Personal information
- Date of birth: 16 July 1939 (age 87)
- Place of birth: Piombino, Italy
- Height: 1.83 m (6 ft 0 in)
- Position: Goalkeeper

Youth career
- 1954–1957: Torino

Senior career*
- Years: Team / Apps / (Gls)
- 1957–1969: Torino / 275 / (0)
- 1957–1958: → Vigevano (loan) / 31 / (0)
- 1969–1976: Inter Milan / 140 / (0)
- 1976–1980: Pistoiese / 63 / (0)
- Total:  / 499 / (0)

International career
- 1963–1968: Italy / 4 / (0)

Managerial career
- 1980–1981: Pistoiese
- 1981–1982: Siracusa
- 1982–1983: Massese
- 1983–1986: Juve Stabia
- 1986–1987: Massese
- 1987–1988: Carrarese
- 1988–1989: Juve Stabia
- 1994–1995: Torino
- 1995–1996: Torino
- 1996–1997: Torino

Medal record
Men's football
Representing Italy (as player)
UEFA European Championship
| Winner | 1968 Italy |  |
FIFA World Cup
| Runner-up | 1970 Mexico |  |

= Lido Vieri =

Italian footballer and manager

Lido Vieri (/it/; born 16 July 1939) is an Italian former football player and manager who played as a goalkeeper.
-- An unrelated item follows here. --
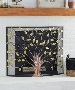 Grayson Lane Farmhouse Fireplace Screen – Green- Metal – 33-in X 39-in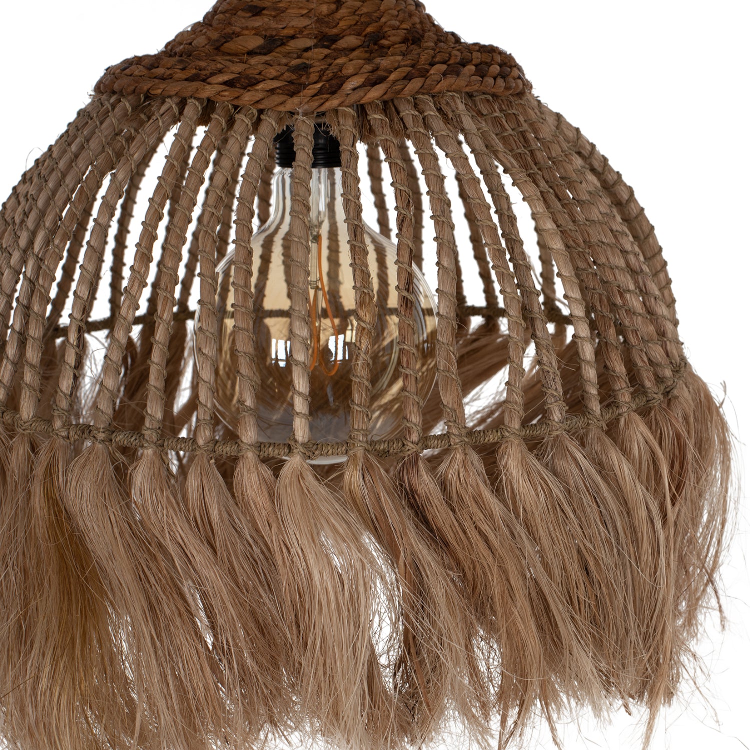 Hm7751- Kρεμαστό φωτιστικό---- Αν επιθυμείτε να διακοσμήσετε το χώρο σας με ένα φωτιστικό σε boho στυλ, αυτό είναι η πιο σωστή επιλογή. Είναι ένα μονόφωτο φωτιστικό για επαγγελματική χρήση, με «καπέλο» σε σχήμα καμπάνας φτιαγμένο από σκοινί, υψηλής ποιότητας και αντοχής στο χρόνο. Το ιδιαίτερο χαρακτηριστικό, όμως, αυτού του φωτιστικού είναι ότι το «καπέλο» καταλήγει σε κρόσια, επιτείνοντας ακόμα περισσότερο το boho στυλ.

He won the 1968 European Championship and was a runner-up at the 1970 FIFA World Cup with the Italy national team.

== Club career ==
During his club career, he played for Torino, Inter and Pistoiese. Vieri won the Coppa Italia with Torino during the 1967–68 season, and the 1970–71 Serie A with Inter.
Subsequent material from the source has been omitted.